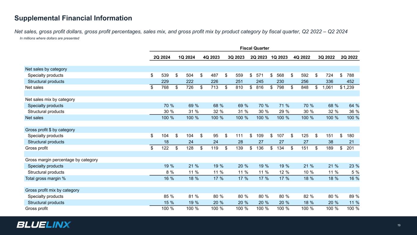 Supplemental Financial Information Net sales, gross profit dollars, gross profit percentages, sales mix, and gross profit mix by product category by fiscal quarter, Q2 2022 – Q2 2024 In millions where dollars are presented 19 Supplementary Financial Information Fiscal Quarter 2Q 2024 1Q 2024 4Q 2023 3Q 2023 2Q 2023 1Q 2023 4Q 2022 3Q 2022 2Q 2022 Net sales by category Specialty products $ 539 $ 504 $ 487 $ 559 $ 571 $ 568 $ 592 $ 724 $ 788 Structural products 229 222 226 251 245 230 256 336 452 Net sales $ 768 $ 726 $ 713 $ 810 $ 816 $ 798 $ 848 $ 1,061 $ 1,239 Net sales mix by category Specialty products 70 % 69 % 68 % 69 % 70 % 71 % 70 % 68 % 64 % Structural products 30 % 31 % 32 % 31 % 30 % 29 % 30 % 32 % 36 % Net sales 100 % 100 % 100 % 100 % 100 % 100 % 100 % 100 % 100 % Gross profit $ by category Specialty products $ 104 $ 104 $ 95 $ 111 $ 109 $ 107 $ 125 $ 151 $ 180 Structural products 18 24 24 28 27 27 27 38 21 Gross profit $ 122 $ 128 $ 119 $ 139 $ 136 $ 134 $ 151 $ 189 $ 201 Gross margin percentage by category Specialty products 19 % 21 % 19 % 20 % 19 % 19 % 21 % 21 % 23 % Structural products 8 % 11 % 11 % 11 % 11 % 12 % 10 % 11 % 5 % Total gross margin % 16 % 18 % 17 % 17 % 17 % 17 % 18 % 18 % 16 % Gross profit mix by category Specialty products 85 % 81 % 80 % 80 % 80 % 80 % 82 % 80 % 89 % Structural products 15 % 19 % 20 % 20 % 20 % 20 % 18 % 20 % 11 % Gross profit 100 % 100 % 100 % 100 % 100 % 100 % 100 % 100 % 100 %
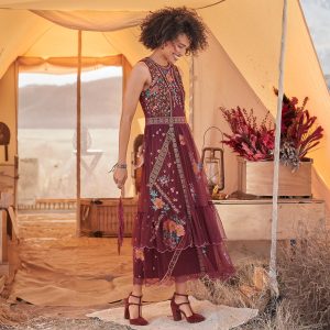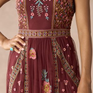 Our lovely fit and flare embroidered mesh dress features pretty florals mixed with geometric embroidery and a beautiful jewel neckline. Side zipper for an easy fit. Nylon. Hand wash. Imported. Exclusive. Sizes XS (0?C2). S (4?C6). M (8?C10). L (12?C14). XL (16?C18). XXL (20?C22). Approx. 54l.
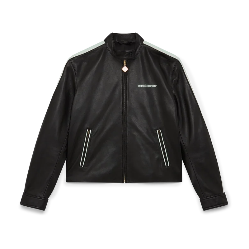 Het leren racejack is een slim-fit sportkledingontwerp, vervaardigd van lamsnappa. Afgewerkt met een ritssluiting, schuine voorzakken met ritssluiting, streepjesdetail langs de mouwen en het Casablanca-logo van het huis.

•••

-- Task instructions --
Find the line that contains "Our lovely fit". Copy it and every line after it through the end of the listing exactly, but not the pictures.

-- Written solution --
 Our lovely fit and flare embroidered mesh dress features pretty florals mixed with geometric embroidery and a beautiful jewel neckline. Side zipper for an easy fit. Nylon. Hand wash. Imported. Exclusive. Sizes XS (0?C2). S (4?C6). M (8?C10). L (12?C14). XL (16?C18). XXL (20?C22). Approx. 54l.
 Het leren racejack is een slim-fit sportkledingontwerp, vervaardigd van lamsnappa. Afgewerkt met een ritssluiting, schuine voorzakken met ritssluiting, streepjesdetail langs de mouwen en het Casablanca-logo van het huis.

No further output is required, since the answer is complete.